Some other things to consider might be trimming your database a little bit more stringently. For example, you might think about dropping from 5 degenerates (default in RESCRIPt) to 3, as recommended in the original SMURF paper.

I'm sorry it's so frustrating.



Hi again @jwdebelius,

I am working with Jupyter Notebebook inside VSCode (sorry for not detailed in the previous message). I have been using the sidle-reconstruction pipeline from qiime sidle v-0.1.0-beta and I would like to share some test that I have performed to avoid the previously mentioned problems.

1º Modify sidle-reconstruction parameters: Based on your experience, my first attempt was to reduce the number of --p-n-workers from >4 to 2 and to use a --p-block-size equal to 1000. The process was killed after 57 min. A similar approach was used with 3 and 4 workers and both processes were killed too. Below is the code used for the approach with 2 workers.

qiime sidle sidle-reconstruction \
    --i-kmer-map silva_128_V2_map.qza silva_128_V3_map.qza silva_128_V4_map.qza silva_128_V67_map.qza silva_128_V8_map.qza silva_128_V9_map.qza \
    --i-regional-alignment V2_aligment_map.qza V3_aligment_map.qza V4_aligment_map.qza V67_aligment_map.qza V8_aligment_map.qza V9_aligment_map.qza \
    --i-regional-table V2_f_table.qza V3_f_table.qza V4_f_table.qza V67_f_table.qza V8_f_table.qza dada2_pyro_V9_table.qza \
    --i-reference-taxonomy silva_128_ssu_nr99_tax_derep.qza \
    --p-region V2 V3 V4 V67 V8 V9 \
    --p-min-counts 0 \
    --p-database 'silva' \
    --p-block-size 1000 \
    --p-n-workers 2 \
    --o-database-map ./reconstructed_results/database_recons.qza \
    --o-database-summary ./reconstructed_results/database_recons_summ.qza \
    --o-reconstructed-table ./reconstructed_results/feature_table_recons.qza \
    --o-reconstructed-taxonomy ./reconstructed_results/taxonomy_recons.qza

2º Dask: I am totally new with Dask so I hope I have done the next steps properly. Next, there is an example of the general code I used to create the clusters.

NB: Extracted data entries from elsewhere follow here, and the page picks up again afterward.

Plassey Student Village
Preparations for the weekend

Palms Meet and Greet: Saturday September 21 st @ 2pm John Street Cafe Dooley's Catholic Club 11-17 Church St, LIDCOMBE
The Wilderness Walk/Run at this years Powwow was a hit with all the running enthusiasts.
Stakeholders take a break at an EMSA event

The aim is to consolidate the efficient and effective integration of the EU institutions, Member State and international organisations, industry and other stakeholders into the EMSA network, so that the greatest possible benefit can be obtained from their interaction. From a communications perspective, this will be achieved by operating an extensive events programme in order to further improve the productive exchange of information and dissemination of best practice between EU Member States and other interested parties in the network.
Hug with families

from dask.distributed import Client, LocalCluster
    cluster = LocalCluster(n_workers = 2, memory_limit = "7.5GB")
    client = Client(cluster)

I used cluster.scheduler to extract the IP address needed with --p-client-address. In this steps, I used the first chunk of code changing --p-n-workers and --p-block-size by the --p-client-address.

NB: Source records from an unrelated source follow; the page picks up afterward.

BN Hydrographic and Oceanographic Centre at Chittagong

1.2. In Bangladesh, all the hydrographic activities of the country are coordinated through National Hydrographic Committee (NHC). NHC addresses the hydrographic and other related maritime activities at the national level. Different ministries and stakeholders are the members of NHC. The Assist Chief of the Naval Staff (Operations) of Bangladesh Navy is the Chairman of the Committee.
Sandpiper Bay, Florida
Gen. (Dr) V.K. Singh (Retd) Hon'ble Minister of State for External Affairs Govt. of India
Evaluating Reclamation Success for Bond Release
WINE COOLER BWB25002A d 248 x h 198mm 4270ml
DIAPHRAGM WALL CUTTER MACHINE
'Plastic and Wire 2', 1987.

I have tried different number of workers (2, 3 and 4) and different memory limits according to this number of workers. With this memory limits I have tried to solve the problems reported in the log file on the previous message. Here, there is an example of the Scheduler created for 2 workers.

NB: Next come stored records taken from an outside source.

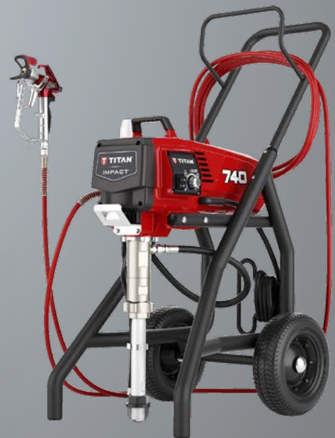
TITAN Impact 740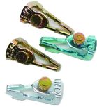
156T1978A Extra/replacement trippers 1 ON and 1 OFF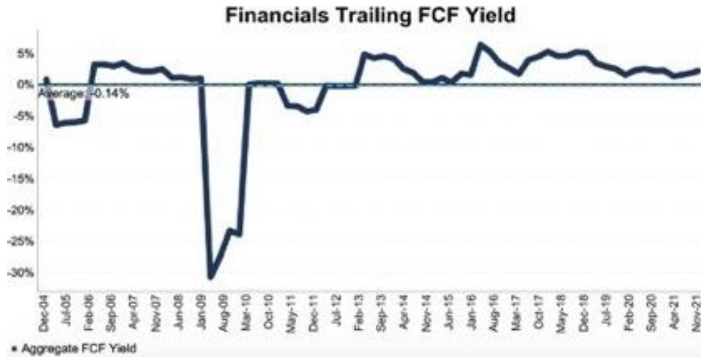
Figure 1: Financials Trailing FCF Yield: December 2004 – 11/16/21

The November 16, 2021, measurement period uses price data as of that date and incorporates the financial data from 3Q21 10-Qs, as this is the earliest date for which all the 3Q21 10-Qs for the S&P 500 constituents were available.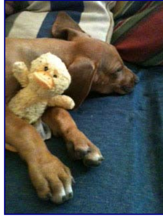
How did Maverick get here?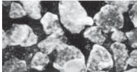
Loose dust surrounds caustic soda flakes.

In water treatment for softening pH control and regenerating resin beds.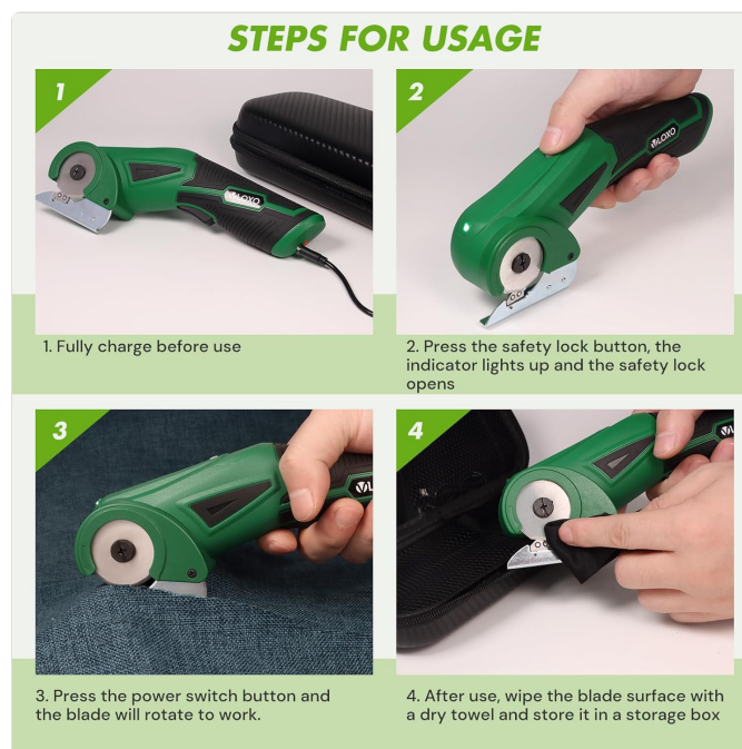
Figure 5: Basic steps for operating the electric scissors.

Ensure the material is positioned flat and stable before cutting. Guide the tool steadily along the desired cutting line. For optimal results, avoid forcing the tool through excessively thick or hard materials beyond its specified capacity.

All attempts were killed after running during 20-25 min. The vast majority of errors reported were related with "unmanaged memory" and/or "memory not released back to the OS" or similar. In two of this processes, my laptop screen freezed and I had to restart it.

3º Trimming memory: The previous errors led me to this section of the Dask website, where they suggest some potential solutions for this problems. In summary, I have tried the options "Manually trim your memory" and "Automatically trim memory", but the same errors remained.

For now, I have not tried to trim the database by using 3 degenerates instead of 5. An alternative solution I though was to move all the artifacts needed to run sidle-reconstruction (and tree reconstruction) to a more powerful machine. I think that when I have all reconstructed files, the next steps will not be require as much memory.



Hi @andresarroyo,

I think this has something to do wtih system configuration and memory release, and may be a dask related issue and I'm not fully sure how to help you trouble shoot it.

I would run as individual commands, rather than the pipeline. I think your high memory command is simply reconstruct-database. If you run it in verbose mode, it will at least let you know where things are failing. It might help trouble shoot a solution other than going to a bigger memory computer. Otherwise, that may be a good option.